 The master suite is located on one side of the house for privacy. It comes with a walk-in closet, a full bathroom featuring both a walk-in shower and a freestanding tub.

══════════════════════════════

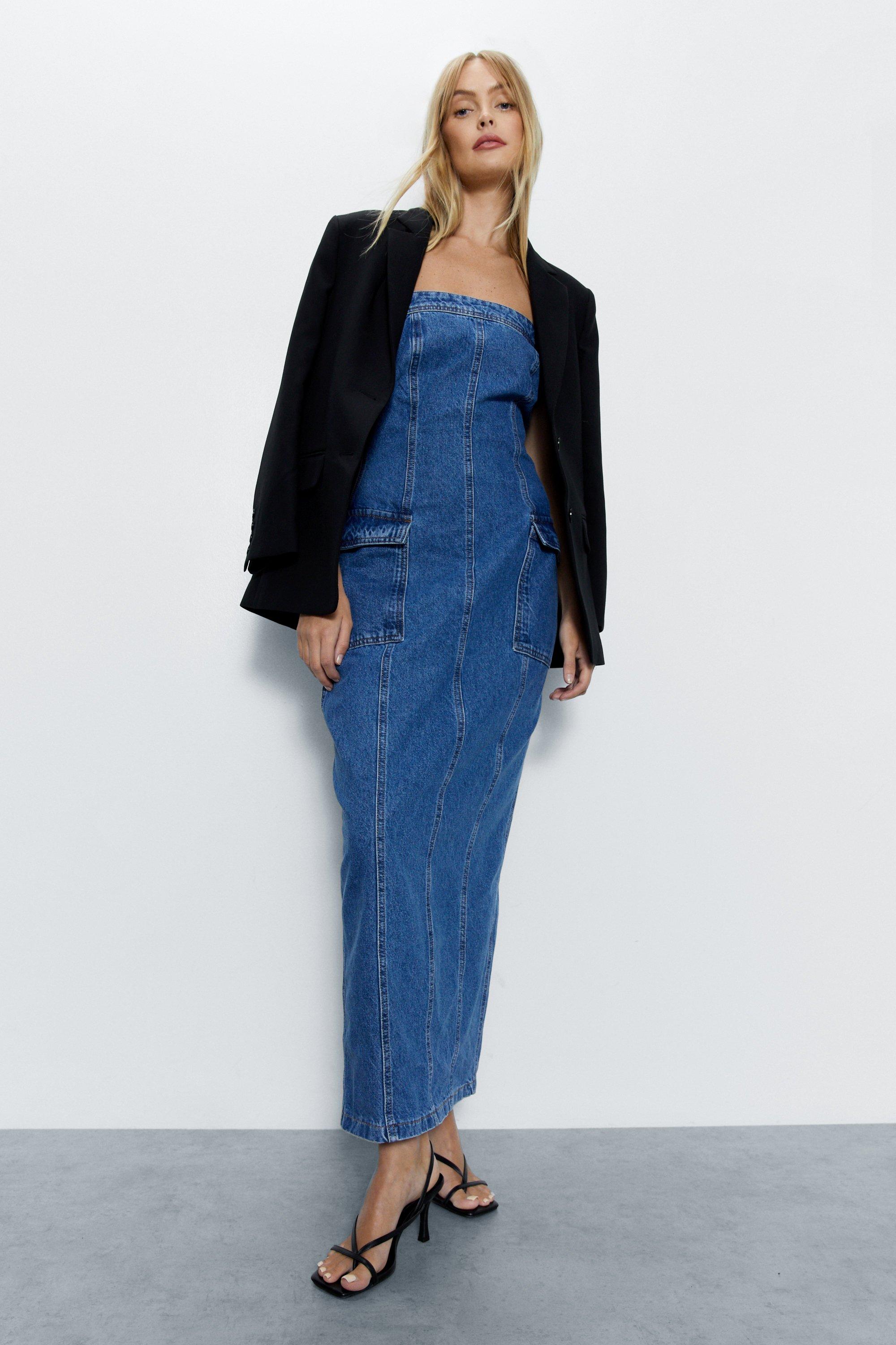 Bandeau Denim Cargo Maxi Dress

══════════════════════════════

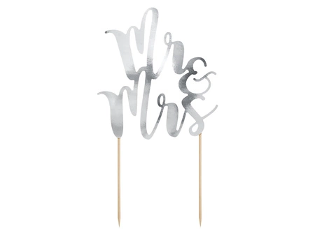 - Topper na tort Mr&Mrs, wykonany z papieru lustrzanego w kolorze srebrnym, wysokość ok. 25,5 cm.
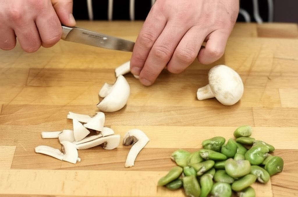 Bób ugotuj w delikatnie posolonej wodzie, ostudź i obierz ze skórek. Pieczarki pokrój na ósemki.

══════════════════════════════

With the pictures removed, print only the lines starting at the line that has "- Topper na" and ending at the line that has "Bób ugotuj w", both ends included, exactly as they stand above.

 - Topper na tort Mr&Mrs, wykonany z papieru lustrzanego w kolorze srebrnym, wysokość ok. 25,5 cm.
 Bób ugotuj w delikatnie posolonej wodzie, ostudź i obierz ze skórek. Pieczarki pokrój na ósemki.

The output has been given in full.